**Work instruction:** Word for word, transcribe the data below from the line with "Modern lägenhet, superutrustad, med" to the line with "1 dormitorio principal", keeping both of those lines.

**Material for the task:**
--------

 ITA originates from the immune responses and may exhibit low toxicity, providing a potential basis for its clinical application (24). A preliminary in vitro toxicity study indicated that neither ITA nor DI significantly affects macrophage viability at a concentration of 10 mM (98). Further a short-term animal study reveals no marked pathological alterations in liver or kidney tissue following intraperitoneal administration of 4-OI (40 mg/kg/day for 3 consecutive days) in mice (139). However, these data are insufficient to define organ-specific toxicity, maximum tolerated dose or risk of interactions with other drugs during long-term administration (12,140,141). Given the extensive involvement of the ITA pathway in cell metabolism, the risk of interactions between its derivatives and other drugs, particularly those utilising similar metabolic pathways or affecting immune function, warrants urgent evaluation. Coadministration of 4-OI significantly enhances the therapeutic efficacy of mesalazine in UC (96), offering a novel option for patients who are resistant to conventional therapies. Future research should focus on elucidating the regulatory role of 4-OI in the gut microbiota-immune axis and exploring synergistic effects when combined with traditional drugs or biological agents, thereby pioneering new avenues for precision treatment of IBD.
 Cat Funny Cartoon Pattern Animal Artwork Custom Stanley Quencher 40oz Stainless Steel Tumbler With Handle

--------

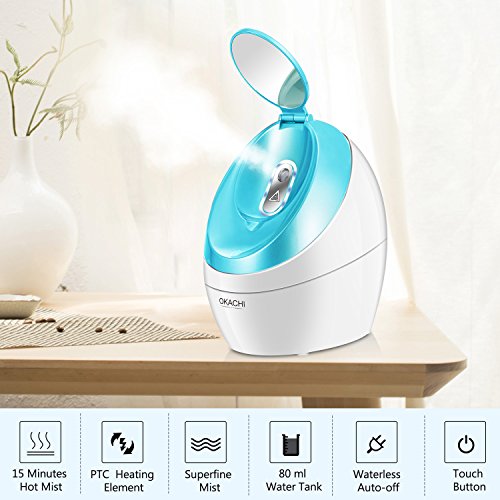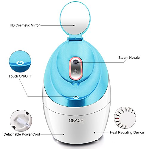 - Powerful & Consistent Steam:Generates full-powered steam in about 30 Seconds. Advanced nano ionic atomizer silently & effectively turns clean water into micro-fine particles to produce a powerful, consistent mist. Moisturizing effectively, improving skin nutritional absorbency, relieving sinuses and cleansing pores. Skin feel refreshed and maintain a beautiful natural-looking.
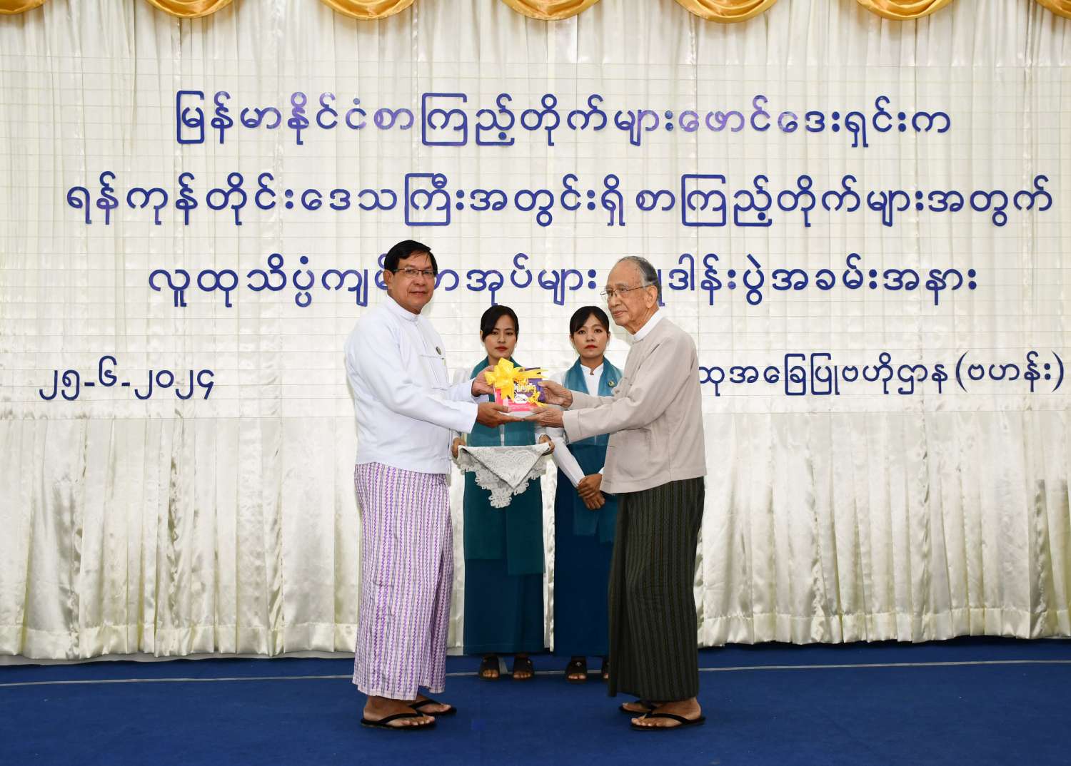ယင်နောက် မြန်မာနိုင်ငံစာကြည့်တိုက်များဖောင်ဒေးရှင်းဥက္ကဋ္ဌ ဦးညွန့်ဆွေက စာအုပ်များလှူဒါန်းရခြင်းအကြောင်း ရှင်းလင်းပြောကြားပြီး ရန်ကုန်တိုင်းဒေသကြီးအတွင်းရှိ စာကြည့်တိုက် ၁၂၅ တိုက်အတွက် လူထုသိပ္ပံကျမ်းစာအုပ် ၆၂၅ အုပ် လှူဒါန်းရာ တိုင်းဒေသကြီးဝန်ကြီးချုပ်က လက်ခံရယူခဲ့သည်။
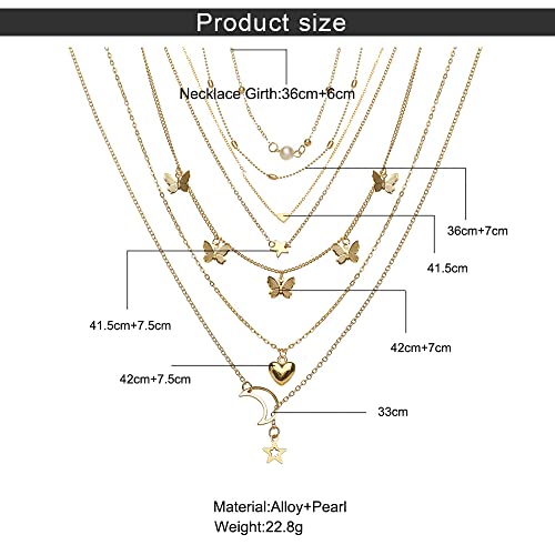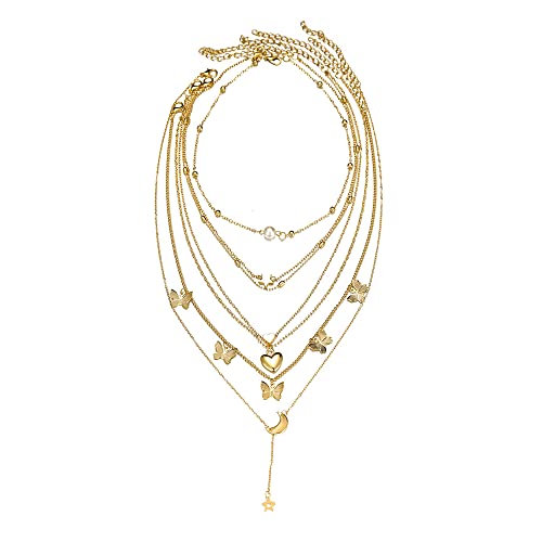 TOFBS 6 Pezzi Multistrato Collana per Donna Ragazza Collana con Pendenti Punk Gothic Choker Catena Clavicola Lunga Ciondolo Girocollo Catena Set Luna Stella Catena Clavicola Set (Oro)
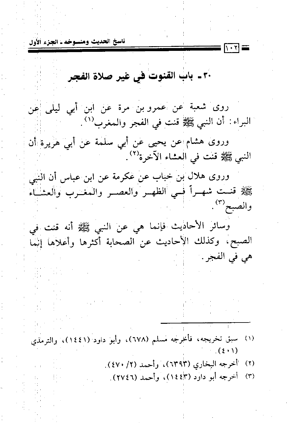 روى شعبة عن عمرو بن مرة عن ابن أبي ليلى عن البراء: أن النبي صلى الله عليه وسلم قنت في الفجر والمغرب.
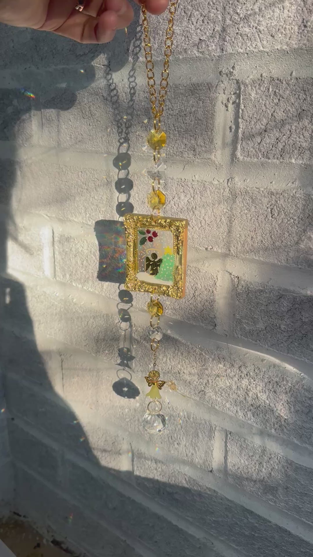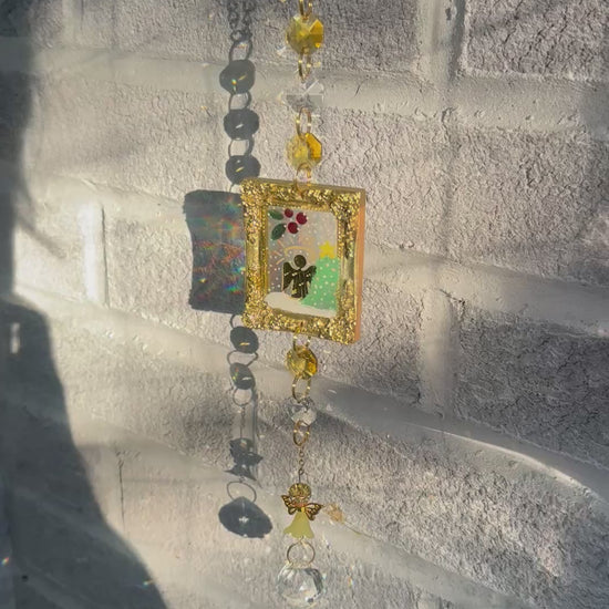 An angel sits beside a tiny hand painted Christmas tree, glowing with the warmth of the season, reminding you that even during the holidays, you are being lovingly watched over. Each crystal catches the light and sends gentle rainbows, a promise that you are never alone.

--------

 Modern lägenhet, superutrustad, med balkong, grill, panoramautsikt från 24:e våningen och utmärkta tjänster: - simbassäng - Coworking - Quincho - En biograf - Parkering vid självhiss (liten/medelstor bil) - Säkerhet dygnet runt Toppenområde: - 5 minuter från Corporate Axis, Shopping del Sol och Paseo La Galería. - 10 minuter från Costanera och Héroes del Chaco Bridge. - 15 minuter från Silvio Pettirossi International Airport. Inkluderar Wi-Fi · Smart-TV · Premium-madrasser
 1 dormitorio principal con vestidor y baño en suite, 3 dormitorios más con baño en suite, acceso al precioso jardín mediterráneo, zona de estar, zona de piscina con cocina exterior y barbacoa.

--------

**Exercise output:**
 Modern lägenhet, superutrustad, med balkong, grill, panoramautsikt från 24:e våningen och utmärkta tjänster: - simbassäng - Coworking - Quincho - En biograf - Parkering vid självhiss (liten/medelstor bil) - Säkerhet dygnet runt Toppenområde: - 5 minuter från Corporate Axis, Shopping del Sol och Paseo La Galería. - 10 minuter från Costanera och Héroes del Chaco Bridge. - 15 minuter från Silvio Pettirossi International Airport. Inkluderar Wi-Fi · Smart-TV · Premium-madrasser
 1 dormitorio principal con vestidor y baño en suite, 3 dormitorios más con baño en suite, acceso al precioso jardín mediterráneo, zona de estar, zona de piscina con cocina exterior y barbacoa.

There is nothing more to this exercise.